Little Bit
The tiny micro:bit single-board computer from the BBC can be used both as an alternative and as a handy companion to the Raspberry Pi. Get started with this simple yet versatile machine.
The tiny micro:bit single-board computer from the BBC can be used both as an alternative and as a handy companion to the Raspberry Pi. Get started with this simple yet versatile machine.
The Raspberry Pi single-board computer (SBC) and its countless variants can be used for any project imaginable: from learning to code and building a personal server, to exploring the Internet of Things, to building robots. Because it's a computer that runs a full-blown operating system, Raspberry Pi requires some technical skills and effort to master, and it can be overkill for some projects. Of course, Arduino provides a simpler and more approachable physical computing platform. But wouldn't it be great if you could find a device that combines the versatility of Raspberry Pi with the simplicity of Arduino?

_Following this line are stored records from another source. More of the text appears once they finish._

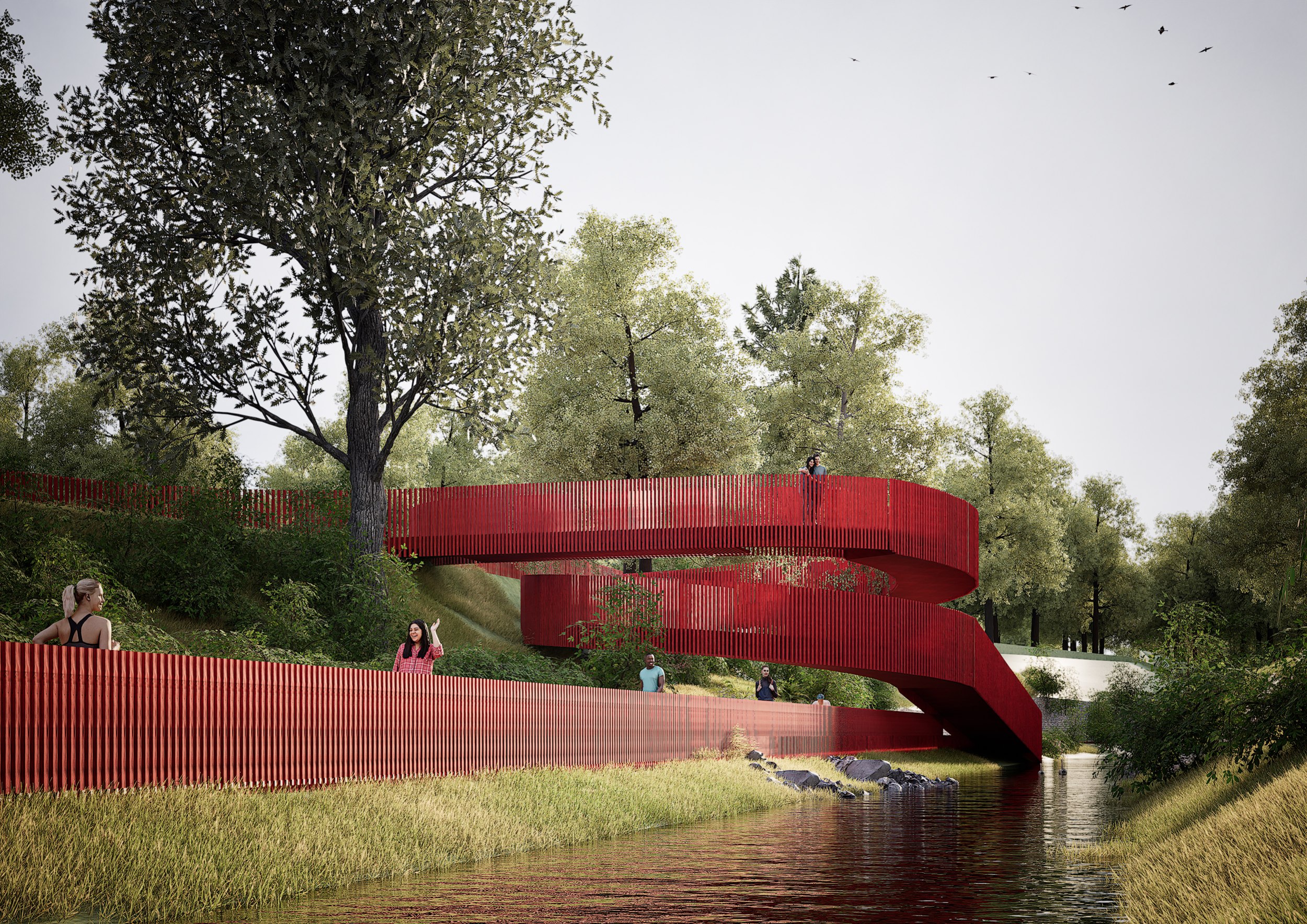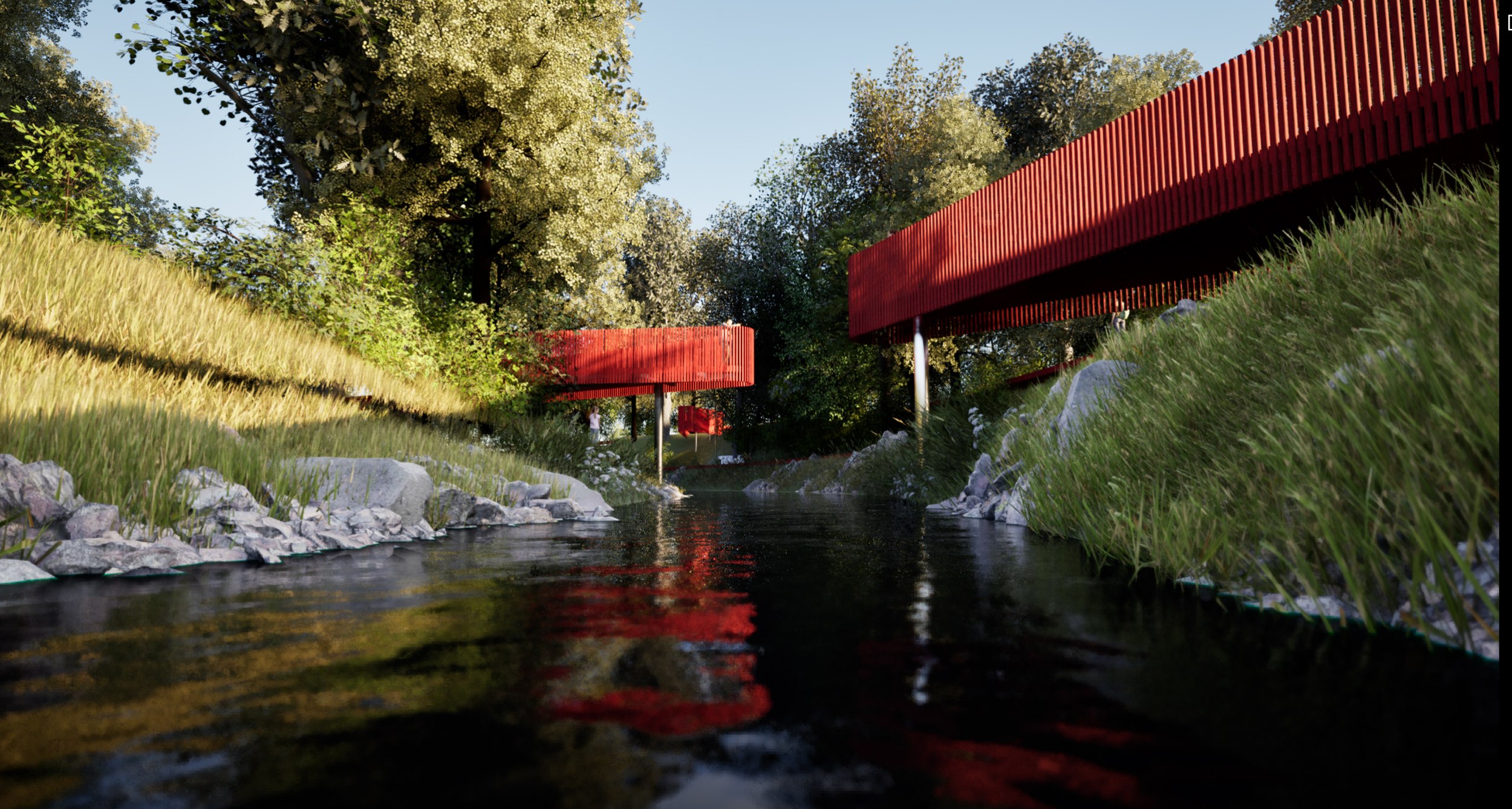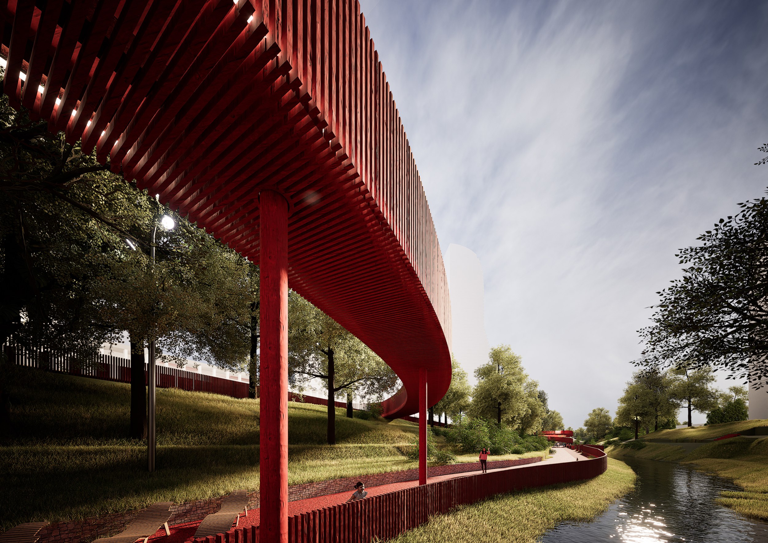 Проект линейного парка, подготовленный мастерской Алексея Ильина для благоустройства берега реки в одном из жилых районов, стремится соединить человека и природу. Два уровня набережной помогают погрузиться в созерцание ландшафта и одновременно защищают его от антропогенной нагрузки. «Воздушная улица» соединяет функциональные зоны и противоположные берега, а также создает новые точки притяжения: балконы, мосты и даже «грот».
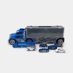 Camión transportador con 7 vehículos de policía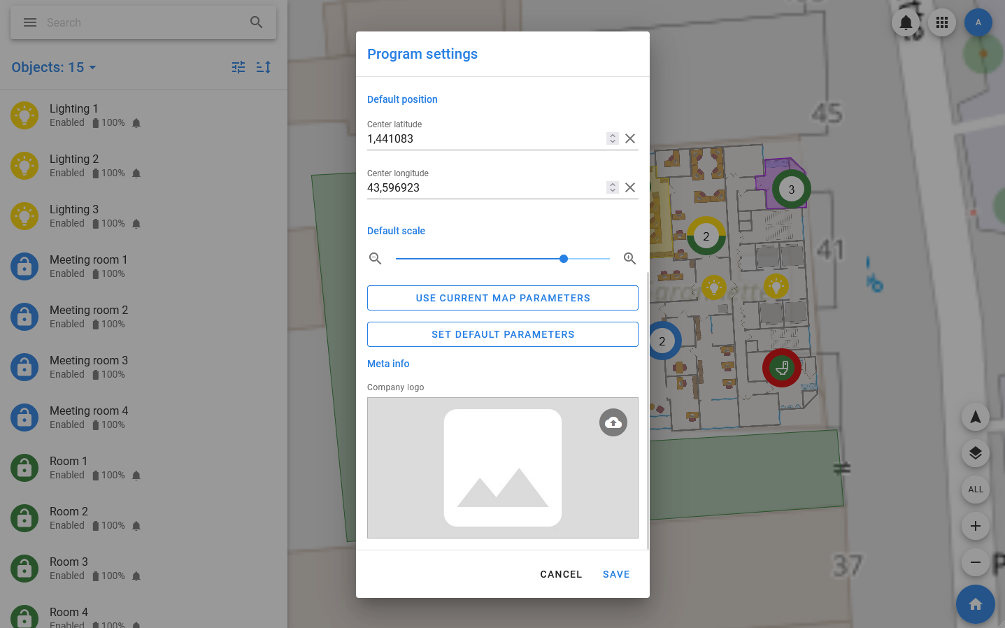 - Default map scale is the scale that will be applied when you log in to the app or when you click on the Home button.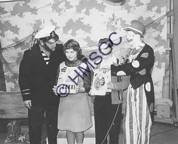 Accession Number:2001-51.368 Accession Date: Condition:good Location:Ward, box 6, folder 38 Keywords:1960, Ward, Chancellor, KTTS, television, radio, children, clown, Captain Briny, monkey, prizes Area of Origin:Springfield, MO Period:ca. 1960 Category:documentary artifact Object:print, photographic Maker:uk Description/History:A black and white photo of Captain Briny, clown and children with prizes. News-Leader Photo Information: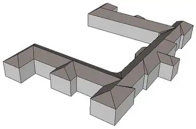 The areas between eaves, edges and ridges are expected to be coplanar so that they can be easily polygonized. Some buildings have little jutties and ledges along the edge. In this case the intersection of the roof surface with the wall must be approximated so that the roof surface remains flat. Im my example the ledge in the middle of the building would be modeled by adding a flat top. Alternatively, the roof surface could continue downwards cutting away a part of the wall.
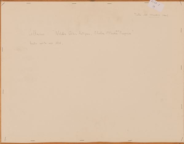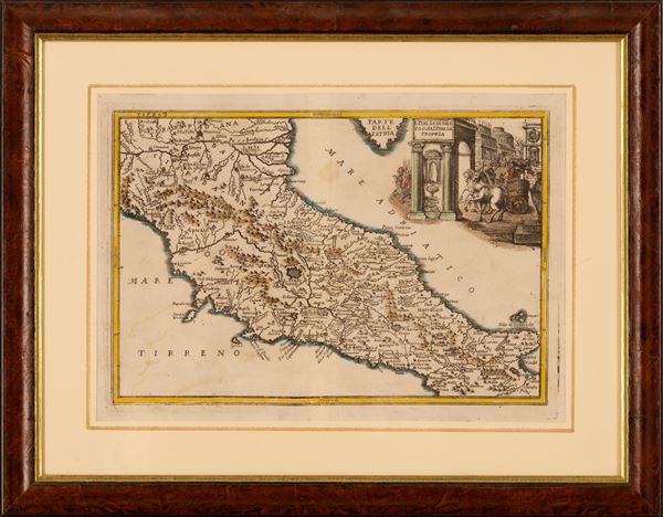Acquaforte acquerellata a manoBella carta, arricchita da cartiglio figurato, raffigurante la penisola fino alla foce del Volturno e al promontorio del Gargano. Tratta dall'opera di Cellarius “NOTITIA ORBIS ANTIQUI SIVE GEOGRAPHIA PLENIOR”, edita da IF Gleditschii a Lipsia nel 1731.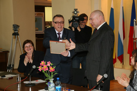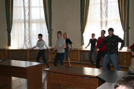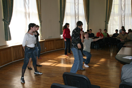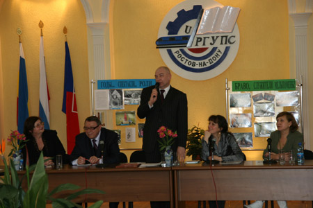 9 апреля 2008 года вновь распахнула свои двери традиционная литературная гостиная «Ростов и ростовцы». Созданная по инициативе ректора РГУПС, академика РАН Владимира Ивановича Колесникова, гостиная приглашает самых интересных, талантливых ростовчан. Тема очередной встречи: «Театр! Вчера, сегодня, завтра», посвященная международному Дню театра. Почетным гостем встречи стал ростовский режиссер-педагог, актер, заслуженный деятель Всероссийского музыкального общества Алексей Владимирович Климашевский. Студенты всех факультетов, лицеисты, сотрудники, участники студенческого театра-студии «Орфей» получили возможность прикоснуться к удивительному и прекрасному миру искусства. В своем выступлении В.И. Колесников рассказал о своей давней любви к театру, о своей студенческой поре и желании стать режиссером. Участники встречи совершили экскурс в историю и узнали о театральной жизни старого Ростова. Затем началось живое общение и читальный зал библиотеки превратился в театральные подмостки. Режиссер- постановщик А.В. Климашевский перевел действие в комедийную плоскость, зажег публику, студенты с удовольствием участвовали в импровизациях, соревнуясь в актерском мастерстве. Девчонки и мальчишки вдохновенно изображали закипающий чайник и ломающийся пылесос, походку дюймовочки и сытого воробья. Зал взрывался от аплодисментов и смеха. Подарком для всех стало выступление студенческого театра-студии «Орфей», который показал сцену из мюзикла «Здравствуйте, я Ваша тетя!». Встреча получилась яркой, веселой, динамичной, надолго подарив радость и хорошее настроение. Студенты и лицеисты выразили благодарность вдохновителям и организаторам литературной гостиной- сотрудникам научно-технической библиотеки и управления воспитательной работы РГУПС.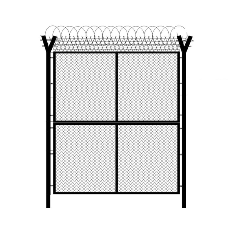監(jiān)獄使用的防護(hù)網(wǎng)是防護(hù)性較高的護(hù)欄網(wǎng),主要是采用高強(qiáng)度的刀片刺網(wǎng)與普通防護(hù)網(wǎng)的結(jié)合,由V型支架立拄、加強(qiáng)型焊接片網(wǎng)、安全防盜連接件和刀片刺網(wǎng)組成。其中刀片刺網(wǎng)是一種新型防護(hù)網(wǎng),由銳利尖角鍍鋅鋼板或不銹鋼薄板做刀片,鋼絲做芯線組合而成的防護(hù)器材。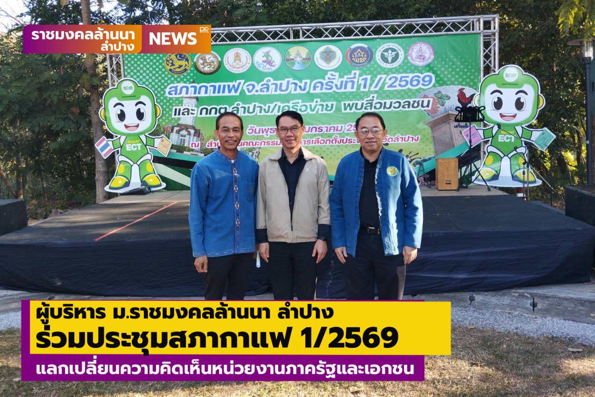 เมื่อวันที่ 20 มกราคม 2569 ที่ผ่านมา มหาวิทยาลัยเทคโนโลยีราชมงคลล้านนา ลำปาง โดย ผู้ช่วยศาสตราจารย์จรูญ สินทวีวรกุล ผู้อำนวยการกองการศึกษาลำปาง เป็นตัวแทนเข้าร่วมกิจกรรมสภากาแฟจังหวัดลำปาง ครั้งที่ 1/2569 ณ สำนักงานคณะกรรมการการเลือกตั้งประจำจังหวัดลำปาง โดยมี รองผู้ว่าราชการจังหวัดลำปาง ผู้อำนวยการสำนักงานคณะกรรมการการเลือกตั้งประจำจังหวัดลำปาง ผู้บริหาร หน่วยงานภาครัฐ รัฐวิสาหกิจ ภาคเอกชน สื่อมวลชน และเครือข่ายประชาสัมพันธ์ เข้าร่วมกิจกรรม เพื่อเป็นเวทีแลกเปลี่ยนความคิดเห็น เสริมสร้างความสัมพันธ์ทางราชการ และสร้างบรรยากาศการพบปะพูดคุยที่เป็นกันเอง ส่งเสริมความร่วมมือในการทำงานระหว่างหน่วยงานภาครัฐ ภาคเอกชน และภาคีเครือข่าย ตลอดจนเป็นช่องทางในการประชาสัมพันธ์กิจกรรมที่เป็นประโยชน์ต่อพี่น้องประชาชน

Enter BBC micro:bit [1]. It's probably unfair to call this tiny machine (Figure 1) a mere cross between Raspberry Pi and Arduino, because micro:bit is a unique and innovative device in its own right, and it has several advantages that make it a worthy alternative to both Raspberry Pi and Arduino. The most obvious advantage is the price: At ~£13 (~$17), micro:bit is cheaper than most Raspberry Pi and Arduino models. Unlike Raspberry Pi, you can use micro:bit right out of the box without going through the rigmarole of downloading an image file, burning it onto an SD card, and then booting and configuring the system. This also means it's practically impossible to make micro:bit unbootable or brick the board altogether. Better still, micro:bit has on-board physical buttons, an LED array, and sensors.
The board supports the MicroPython dialect of the Python scripting language, so you build simple projects right away with a minimum of effort. Similar to Raspberry Pi, micro:bit features a GPIO port, so it's possible to use the board with sensors, motors, and other devices. Add in low power consumption, and you have a board that can be put to a variety of practical uses. The best part is that you can use a Raspberry Pi to program and manage micro:bit.
To get started with micro:bit, you need several additional parts, including a USB data cable, a battery holder, and an edge connector breakout board. Both the battery holder and the breakout board are optional, but they can be useful for many projects. The battery holder allows you to power the micro:bit board with two AAA batteries, and the breakout board makes access to GPIO pins easier.
Although you can use the default web-based coding environment at BBC micro:bit World [2] to write micro:bit scripts, you can also program locally using the dedicated Mu editor [3]. To install it on Raspberry Pi, grab the latest mu.bin
binary file from the Mu editor's website and enter:
chmod +x mu.bin sudo usermod -a -G dialout <username>
The first line makes the file executable, and the second line makes it possible to push scripts to micro:bit directly from the editor. Replace <username>
with your actual username (e.g., pi).
With all the pieces in place, connect the Raspberry Pi to the micro:bit board via the micro-USB port, launch the Mu editor, and you are ready to write your first MicroPython script.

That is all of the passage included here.